It's more about the new owner/trainer then it is the dog.

I do agree about the fun of training a new pup. 

I'd rather do that then compete on a competition field or ring.


----------



## Thomas Ball

Whatever happened to faithfulness then?  I know there are certain breeds that don't change owners easily (and certain individuals within the breeds). Australian Cattle Dog, Skye Terrier come to mind. And I think the way you raise the dog also has an impact, if you use several handlers on a regular basis, that might help a lot in the transitioning.

15-20 years ago I read somewhere that law enforcement agencies didn't like to use Mals or Dobes because they were to attached to one handler, and didn't change owners quickly. It seems like that has changed (if it was ever true).


----------



## rick smith

after reading, i'm very tempted to ask you to explain why you think there are some breeds who have trouble changing owners and why you listed those particular breeds....but i won't
- mainly because, as Leslie just pointed out and Bob amplified, dogs are highly adaptable to changing environments (whether good or bad)
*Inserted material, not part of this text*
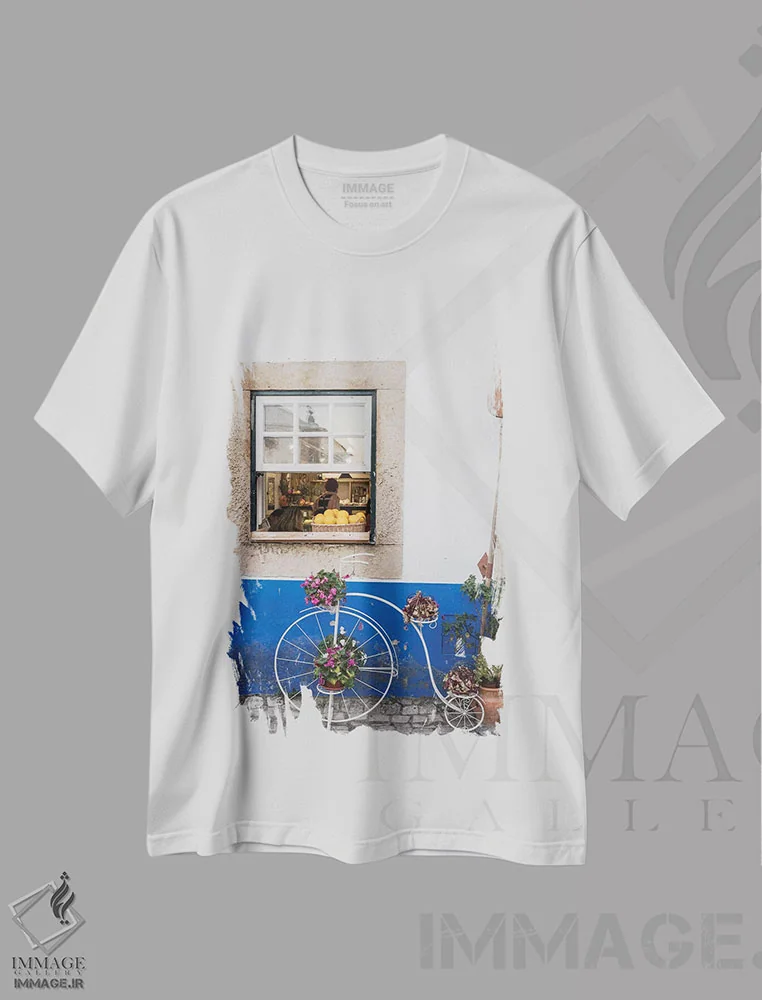 تیشرت سفید طرح دار آثار جولی اگِرز - immage.ir تیشرت طرح دار Obidos, Portugal,گلدان دوچرخه ای بامزه مقابل یک نانوایی در شهر دیوارکشی شده اوبیدوش، پرتغال اثر جولی اگِرز

- i have worked with dogs who blew off their owners 24/7. i've changed those dogs names and created immediate focus when they heard their new name ... in less than a week
....and i am no super trainer by any means //lol//

so i think i could actually help you more by trying to get you to commit to getting a dog and start training it rather than feed your curiosity 

your many years of research on dogs should have given you a good foundation you can use in the real world, so i'm interested to know how that pans out after you get a dog and post about your dog training journey

i assume you have at least decided on what training system you will be using 
how did you arrive at that decision ?
---- please feel free to elaborate

we had a guy on here who posted everything and anything about his "ideal" dog
- became obsessed with pedigrees of working dogs; especially KNPV lines
- finally got a pup from one of those famous bloodlines
....then disappeared

hope you don't fall into that category

that's why i'd rather spend my online time with someone who has one and asks for help rather than chat about abstract canine hypotheticals


----------



## Thomas Ball

Rick, no one's asking you to spend time answering my questions (which you did not). I posted the questions, and whoever feels like answering them can do so, nobody's obliged to reply. No need to get nasty. Unless you enjoy it, then please feel free to continue.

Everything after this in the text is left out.